Previo a la Convención, el tratamiento de la niñez se regía por lo que los expertos denominan el “paradigma de la situación irregular”, es decir, un modelo de intervención de carácter tutelar, con una mirada punitiva del Estado que tenía como objetivo “controlar” a esa porción de la población marcada como peligrosa desde una mirada moral. Este modelo produce como resultado la criminalización y judicialización de la pobreza, en especial de los niños y adolescentes pobres.
Recién en 2005, con la Sanción de la Ley Nacional 26.061, Argentina logró traducir el espíritu de la Convención en una ley interna e inauguró así el Paradigma de la Protección Integral de Derechos. Con esto se crearon un conjunto de instituciones y dispositivos que buscaban dar respuestas a las problemáticas de la infancia desde el reconocimiento de niños y niñas como sujetos de derecho. El Estado se reconoció así como garante de los derechos humanos de la niñez y se comprometió a desarrollar políticas que protejan y garanticen el acceso a los mismos y acompañen a las familias en ese sentido.

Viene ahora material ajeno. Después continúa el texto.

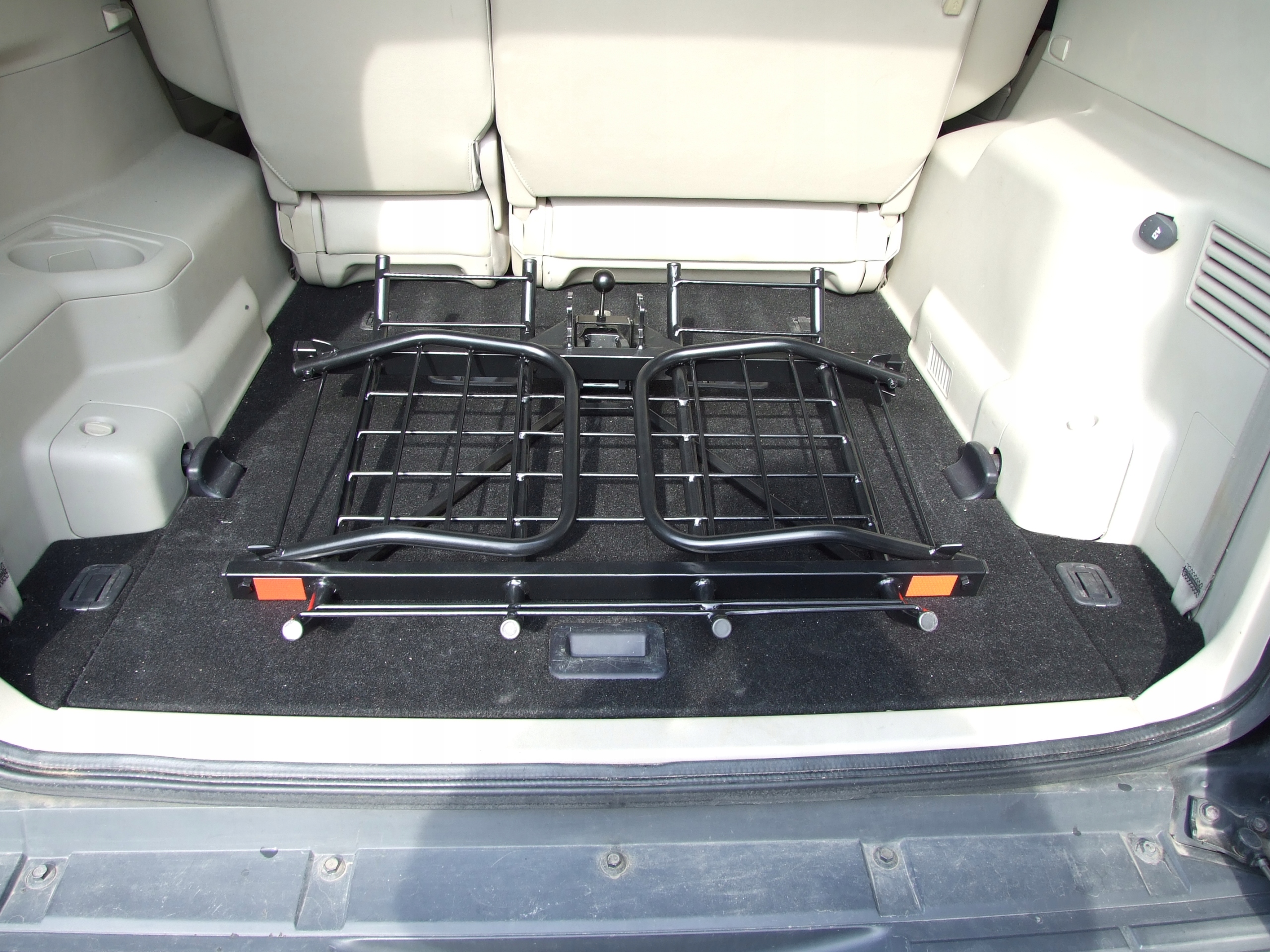 Прочная рама для транспортировки на фаркопе. Изготовлен из толстых стальных стержней, которые можно наклонять для облегчения погрузки.

Casi treinta años han transcurrido desde aquel 1989 y ya son 13 desde 2005. En este tiempo hemos sido testigos de importantes avances en materia de protección de los derechos de niños y niñas. Asignación Universal por Hijo, ampliación de la obligatoriedad escolar, políticas de primera infancia, ampliación del cronograma de vacunación, entre otras. Pero también hemos visto cómo el Estado argentino, a pesar de los esfuerzos, sigue sin llegar a las infancias que piden a gritos –o en un silencio ahogado por la desesperación– mayor protección de ese Estado que se comprometió internacionalmente como garante.
Las estadísticas son contundentes: la niñez es el sector más golpeado por la pobreza: en Argentina el 50% de los niños son pobres y de ellos el 10% vive en la indigencia. En otras palabras, de cada dos niños uno es pobre, de cada diez niños, 1 vive en la indigencia. Vivir en situación de pobreza es sinónimo de limitaciones para el acceso al conjunto de derechos que la Convención manda.
Recientemente el Estado nacional ha recortado el presupuesto de la Secretaría de Niñez y Familia, y vemos cómo cíclicamente surgen discursos sociales que ubican a algunos sectores de niñez, adolescencia y juventud como “potencialmente peligrosos”. Nuevamente es incierto el panorama para el resguardo de los derechos de los niños y niñas. Son casi treinta años de la Convención y si bien hemos avanzado en cuanto a la legislación existente, no existe el andamiaje institucional, ni las políticas y programas que la transformen en una realidad concreta para los niños y niñas de nuestro país.
Como país tuvimos la oportunidad para dar el paso de la situación irregular a la protección integral, sin embargo dimos un recorrido en reversa. Durante los últimos años, fuimos de la protección irregular, en la que se intentaba brindar respuestas para el universo total de niños y niñas –aun con muchos al margen–, a la desprotección integral, donde cada vez son más los niños y niñas excluidos de la protección del Estado y librados a su propia suerte.
Nos alarma y mucho este panorama que en el corto plazo no parece tener solución, sino más bien indica que se va a profundizar cada vez más. Como organización experta en derechos de los niños, no dejaremos de interpelar al Estado para que asuma con responsabilidad sus compromisos y no lo lograremos solos, para ello es necesario el compromiso de toda la sociedad. Los niños no deben ser postergados porque así lo indica la Convención. Lo niños no pueden esperar más.

*Directora Nacional de Aldeas Infantiles SOS Argentina.